First, you're missing the last line when putting range(df.tweet.size), either increase this or (more robust, if you don't have an increasing index), use df.tweet.index.
Second, you don't apply your dropping, use inplace=True for that.
Third, you have #d in a string, the following is not a list: '#c, #d, #e, #f' and you have to change it to a list so it works.
So if you change that, the following code works fine:
has = [['#a'], ['#b'], ['#c', '#d', '#e', '#f'], ['#g']]
use = [1,2,3,5]
z = ['#d','#a']
df = pd.DataFrame({'user': use, 'tweet': has})
df2 = pd.DataFrame({'z': z})
for a in df.tweet.index:
for search in df2.z:
if search in df.loc[a].tweet:
df.drop(a, inplace=True)
break # so if we already dropped it we no longer look whether we should drop this line
This will provide the desired result. Be aware of this potentially being not optimal due to missing vectorization.
EDIT:
you can achieve the string being a list with the following:
from itertools import chain
df.tweet = df.tweet.apply(lambda l: list(chain(*map(lambda lelem: lelem.split(","), l))))

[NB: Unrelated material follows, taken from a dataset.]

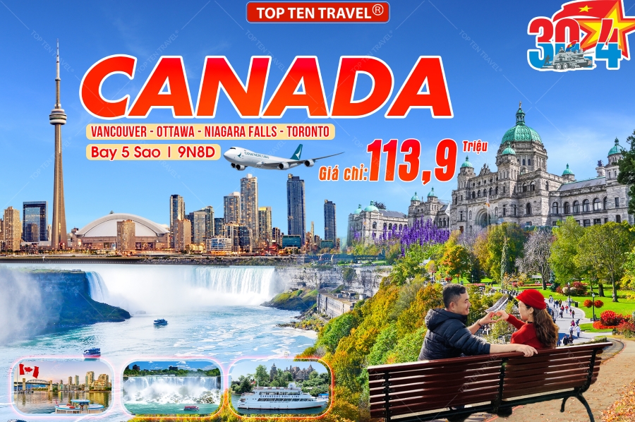 Bạn đã sẵn sàng cho chuyến du lịch đến xứ sở lá phong – nơi hội tụ vẻ đẹp thiên nhiên hùng vĩ, những thành phố hiện đại và nền văn hóa đa sắc màu chưa? Top Ten Travel hân hạnh giới thiệu tour Canada 9 ngày 8 đêm, đưa bạn khám phá những địa danh nổi tiếng như Toronto sôi động, thác Niagara hùng vĩ, Montreal lãng mạn và Vancouver xinh đẹp. Hành trình được thiết kế trọn gói, dịch vụ cao cấp, giúp bạn tận hưởng kỳ nghỉ tuyệt vời với những trải nghiệm khó quên. Sau đây là một vài điểm nhấn đặc biệt dành tặng riêng cho du khách trong hành trình tour này:

This applies a function to each line (assuming each line contains a list with one or more elements): Split each element (should be a string) by comma into a new list and "flatten" all the lists in one line (if there are multiple) together.
EDIT2:
Yes, this is not really performant But basically does what was asked. Keep that in mind and after having it working, try to improve your code (less for iterations, do tricks like collecting the indices and then drop all of them).